Алик выглядывает из-за двери, чтобы посмотреть, чем вызвана тишина: мать, всплеснув ладонями, молча стоит напротив бабки с изумлённым лицом. Затем она почему-то с треском закрывает дверь перед носом сына.
 Бабка то ли решает сократить песню, то ли опять подзабыла куплеты, но выходит на завершение: повторяет первый куплет.

Ну, и силён был дед, думает Алик. Ехал он вчера в метро и наблюдал сцену в вагоне. На освободившееся место резво юркнул мужик лет сорока, хотя туда уже приладилась сесть бабуля, явно намного старше его. Она удивлённо глядит на мужика и спрашивает: «И не стыдно?»
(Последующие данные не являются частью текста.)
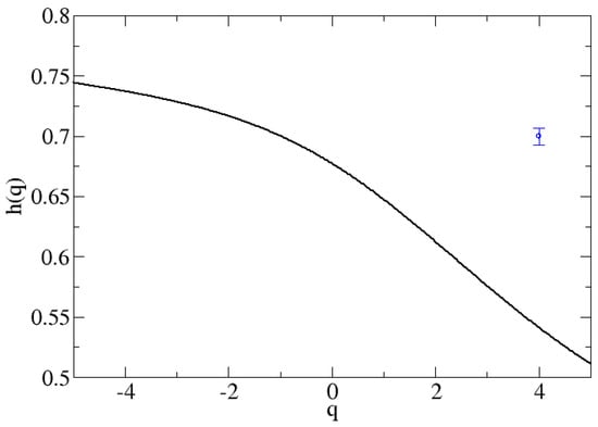 The GHE is determined by the scaling exponent . corresponds to the HE H, and for (), the time series is classified as anti-persistent (persistent). When varies with q, the time series is multifractal. Conversely, when is constant for any q, the time series is monofractal. We restrict the range of q in because when is large, the moments in the fluctuation function could diverge, and the calculation of might be unstable ().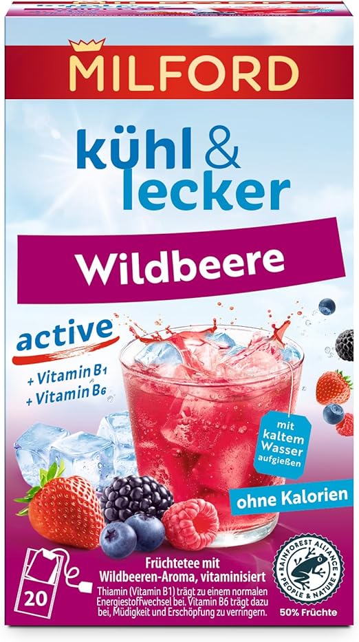 Milford Chłodne i smaczne aktywne dzikie owoce, bez kalorii, bez cukru, laktozy, bezglutenowe, wegańskie, 20 torebek herbaty, 50 g

- А чего стыдно-то?! – заорал вдруг тот. – Ты-то вот николаевская, а я советский! Мы все болезные, это вы при царе-батюшке выросли крепенькие да удаленькие!
Народ вокруг изумился, кто-то улыбнулся, бабульке уступили место.
Дед-то, вспоминает Алик, тоже упрочнялся при царе, впрочем, был он гуртовщиком, скот гонял, всегда на воздухе, всегда в пути-дороге, да и гены крестьянские вот какие были! А семья жила очень трудно, особенно после 17 года.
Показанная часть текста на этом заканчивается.